- _Dataset extract_:
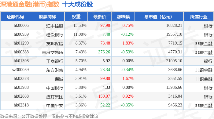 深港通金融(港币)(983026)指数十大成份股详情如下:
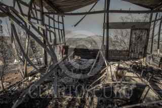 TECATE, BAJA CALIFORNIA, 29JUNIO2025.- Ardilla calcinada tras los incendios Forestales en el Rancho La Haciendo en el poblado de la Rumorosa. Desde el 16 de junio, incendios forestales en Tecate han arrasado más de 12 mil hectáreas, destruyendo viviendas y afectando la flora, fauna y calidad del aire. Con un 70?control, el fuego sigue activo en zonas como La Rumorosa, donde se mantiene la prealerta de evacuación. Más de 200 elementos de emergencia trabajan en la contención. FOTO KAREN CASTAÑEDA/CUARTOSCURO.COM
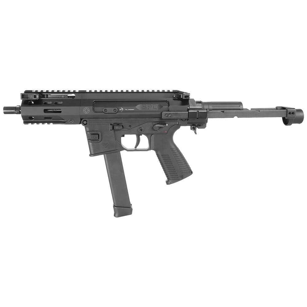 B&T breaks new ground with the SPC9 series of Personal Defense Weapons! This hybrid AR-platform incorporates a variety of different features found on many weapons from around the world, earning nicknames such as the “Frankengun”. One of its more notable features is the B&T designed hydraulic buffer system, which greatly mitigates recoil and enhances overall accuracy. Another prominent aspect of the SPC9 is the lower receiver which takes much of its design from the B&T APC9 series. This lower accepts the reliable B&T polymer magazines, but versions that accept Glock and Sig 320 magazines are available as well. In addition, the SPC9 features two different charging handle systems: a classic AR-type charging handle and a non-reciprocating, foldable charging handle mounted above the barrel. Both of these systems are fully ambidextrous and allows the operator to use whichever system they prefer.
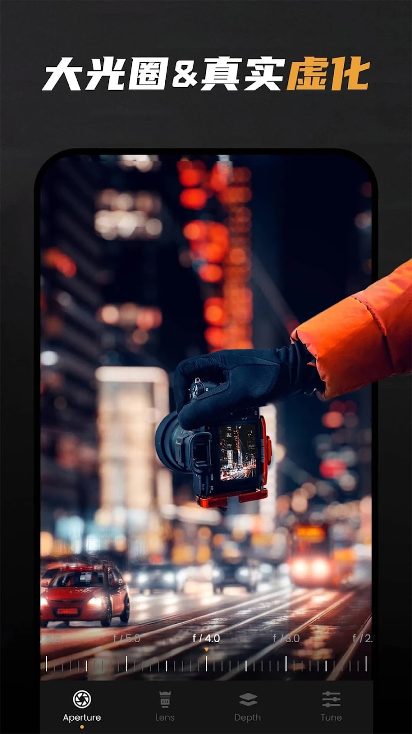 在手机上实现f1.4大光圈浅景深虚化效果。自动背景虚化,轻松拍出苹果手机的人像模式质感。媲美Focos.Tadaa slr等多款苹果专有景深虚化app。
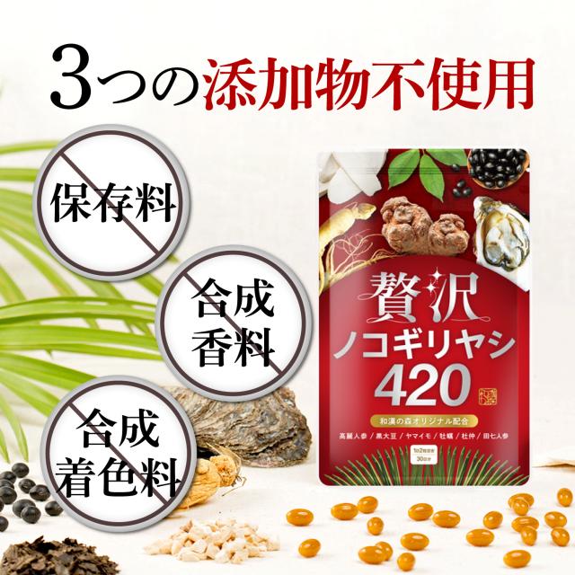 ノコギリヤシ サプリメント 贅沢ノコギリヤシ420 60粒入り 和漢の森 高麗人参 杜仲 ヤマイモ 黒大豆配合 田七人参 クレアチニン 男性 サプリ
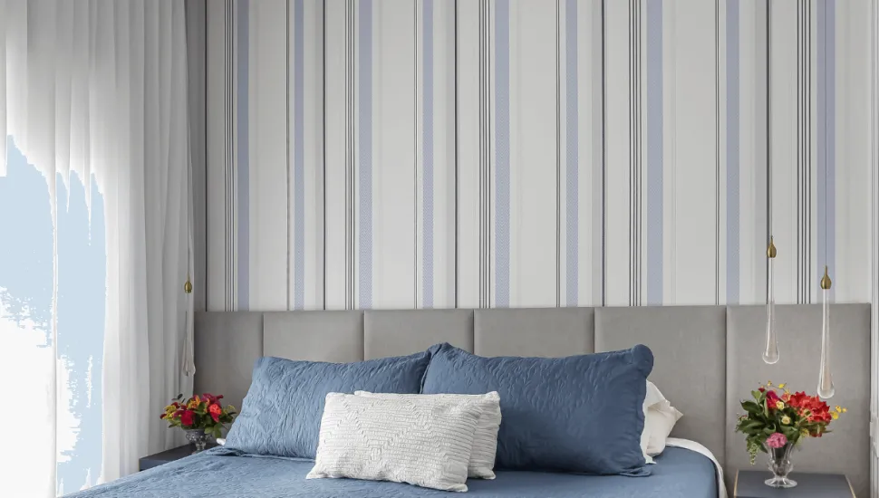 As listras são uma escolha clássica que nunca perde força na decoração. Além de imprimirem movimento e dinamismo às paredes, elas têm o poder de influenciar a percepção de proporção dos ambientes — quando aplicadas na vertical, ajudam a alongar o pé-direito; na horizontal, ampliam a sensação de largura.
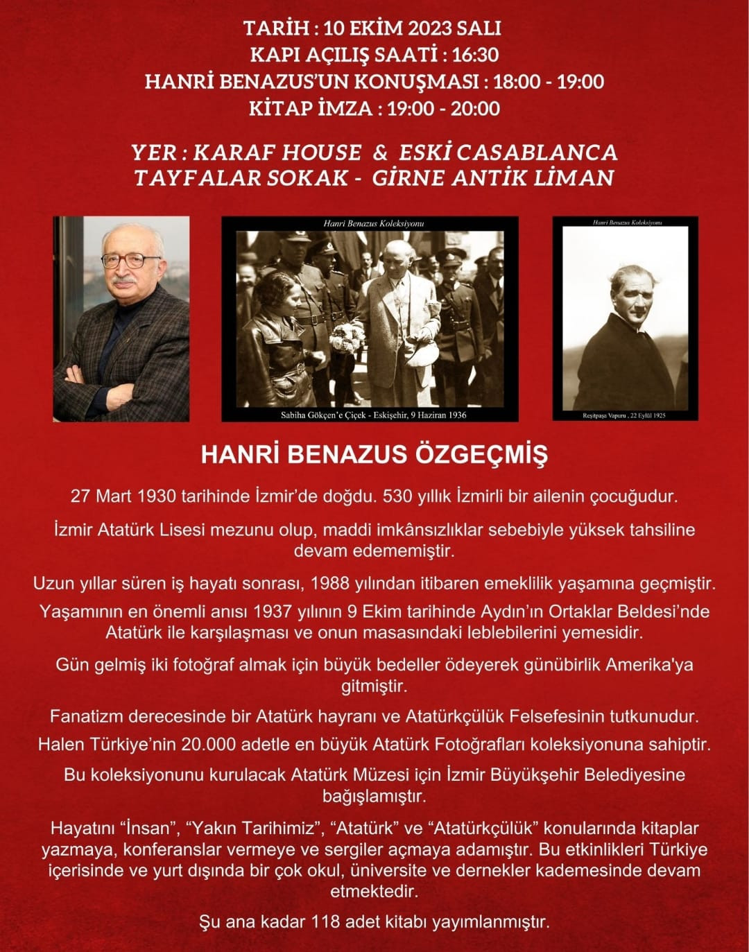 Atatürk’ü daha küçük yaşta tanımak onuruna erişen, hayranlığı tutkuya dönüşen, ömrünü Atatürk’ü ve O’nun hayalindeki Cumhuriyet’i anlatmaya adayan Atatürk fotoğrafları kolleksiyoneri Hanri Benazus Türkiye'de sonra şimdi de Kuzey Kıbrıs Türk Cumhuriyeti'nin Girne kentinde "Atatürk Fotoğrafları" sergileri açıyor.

- _Task instructions_:
Copy the entries above exactly, but only the stretch from the line containing "B&T breaks new" through the line containing "As listras são". Keep both end lines; drop the pictures.

- _Result below_:
 B&T breaks new ground with the SPC9 series of Personal Defense Weapons! This hybrid AR-platform incorporates a variety of different features found on many weapons from around the world, earning nicknames such as the “Frankengun”. One of its more notable features is the B&T designed hydraulic buffer system, which greatly mitigates recoil and enhances overall accuracy. Another prominent aspect of the SPC9 is the lower receiver which takes much of its design from the B&T APC9 series. This lower accepts the reliable B&T polymer magazines, but versions that accept Glock and Sig 320 magazines are available as well. In addition, the SPC9 features two different charging handle systems: a classic AR-type charging handle and a non-reciprocating, foldable charging handle mounted above the barrel. Both of these systems are fully ambidextrous and allows the operator to use whichever system they prefer.
 在手机上实现f1.4大光圈浅景深虚化效果。自动背景虚化,轻松拍出苹果手机的人像模式质感。媲美Focos.Tadaa slr等多款苹果专有景深虚化app。
 ノコギリヤシ サプリメント 贅沢ノコギリヤシ420 60粒入り 和漢の森 高麗人参 杜仲 ヤマイモ 黒大豆配合 田七人参 クレアチニン 男性 サプリ
 As listras são uma escolha clássica que nunca perde força na decoração. Além de imprimirem movimento e dinamismo às paredes, elas têm o poder de influenciar a percepção de proporção dos ambientes — quando aplicadas na vertical, ajudam a alongar o pé-direito; na horizontal, ampliam a sensação de largura.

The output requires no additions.